By Haydn Brown.
The egg has long been a symbol of rebirth and fertility. Going back as far as thousands of years, a simple bird’s egg might be given as a gift, often gaudily painted to celebrate the colours and vibrancy that came with the season of the spring, when the sun god stirred to life again – all long before Christianity.
In 1307 Edward I’s household accounts included an entry that said: 18 pence for 459 eggs to be boiled and dyed or covered with gold leaf and distributed to the royal household. (If you want to create your own golden egg, wrap an egg in onion skins, secure firmly with string or rubber bands and then simmer in a pan of water for up to an hour – by which time the egg should be marbled gold.) Then again, you might prefer a more expensive alternative, such as the flawless jewelled eggs created in the nineteenth century by Carl Faberge for the Russian Czar and Czarina, constructed of enamelled platinum shells which each contained a small golden egg.

Such a rare and priceless gift is unlikely to find its way into most of our hands this Easter day. But chocolate eggs will be widely held, with many fingers grown sticky and brown – and this melting quality of the confection is what led to the possibility of chocolate taking the form of eggs.
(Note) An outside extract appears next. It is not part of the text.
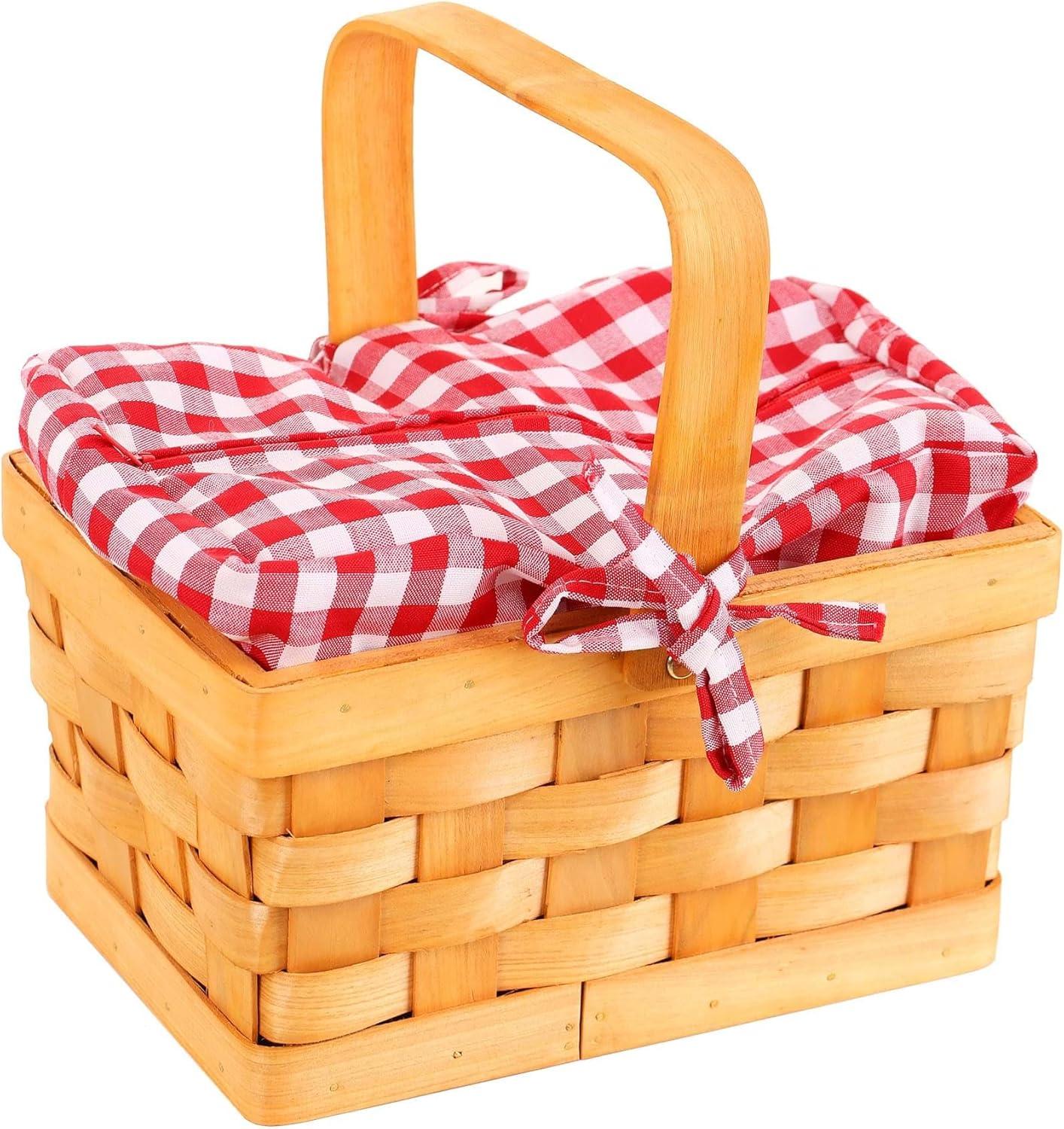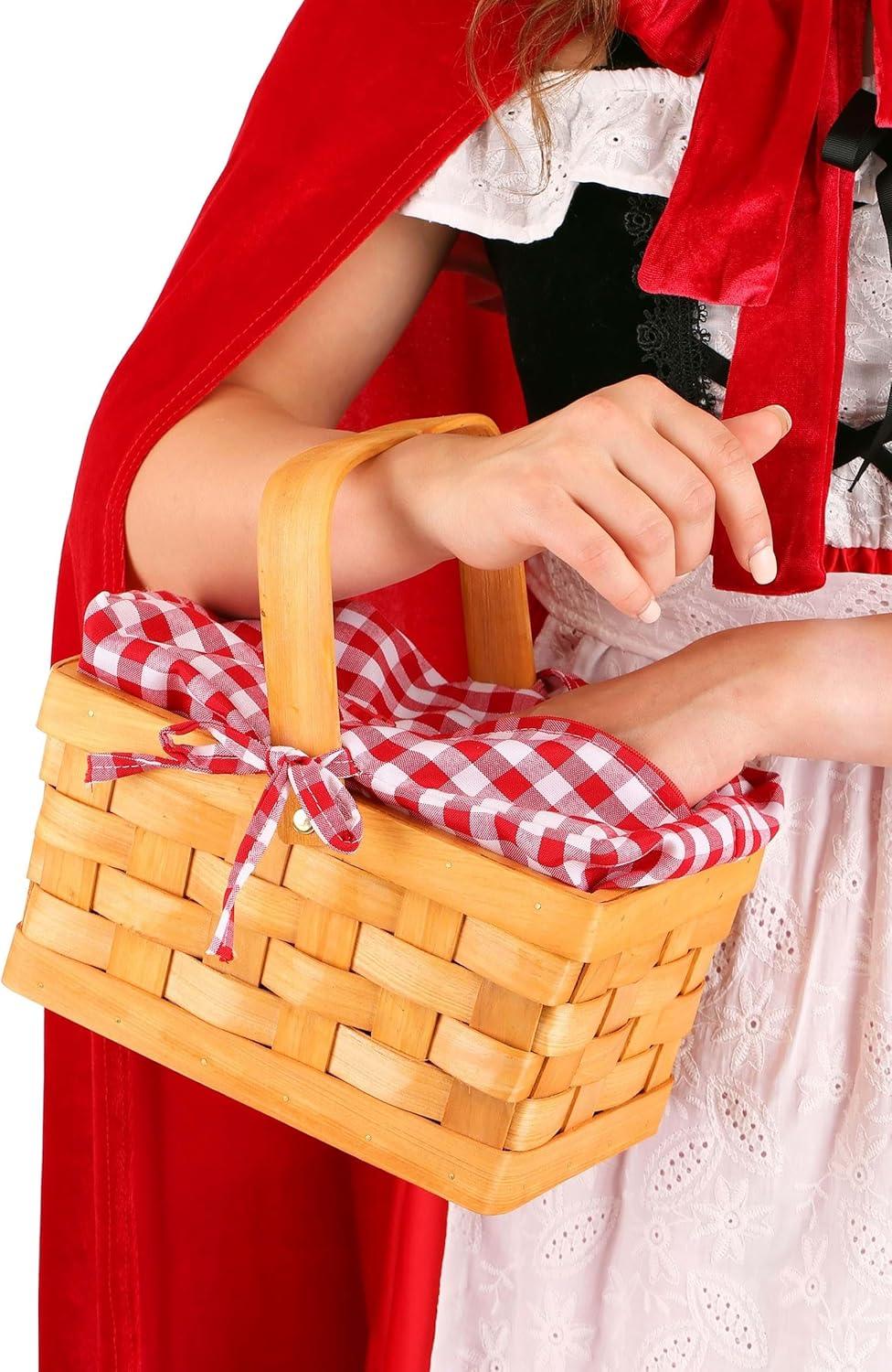 Whimsical Design: Embrace the enchanting world of fairy tales with this vintage-inspired gingham hand basket accessory, perfect for completing your Little Red Riding Hood or Dorothy Gale cosplay ensemble. The woven wood strip basket features a removable fabric lining with ties on both sides and a zipper opening at the top for added functionality and charm.
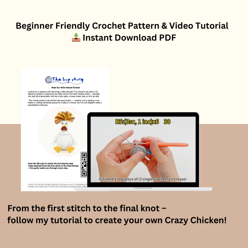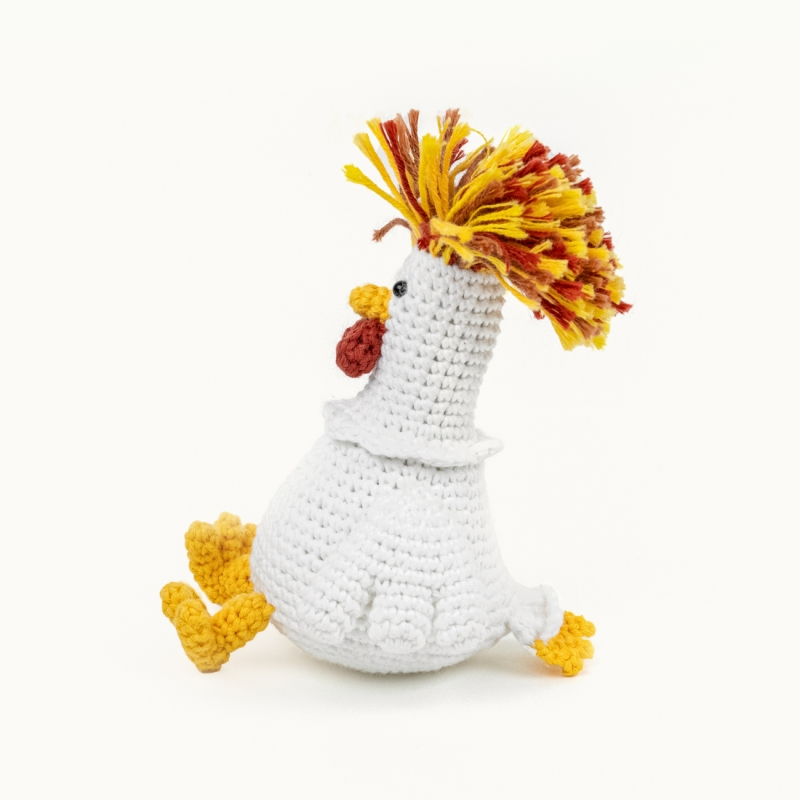 They’ve got the most fabulous fluffy crest — like natural rockstars of the chicken world.This little crochet hen is my tribute to them.

The first chocolate eggs were only developed in the early 19th century when, originally in France and Germany, a blend was created that could be shaped. In England, John Cadbury made his first solid eggs in 1842, but it was not until many years later, after a press was successfully used to separate the cocoa butter from the bean, that a finer chocolate was available, and being easy to melt and mould the result was the Cadbury Easter egg of 1875. The first eggs were made of smooth plain chocolate and the insides were filled with dragees but many more designs followed on, with icing and marzipan flowers, and boxes and ribbons to decorate: now become the annual indulgence which is a tradition for all.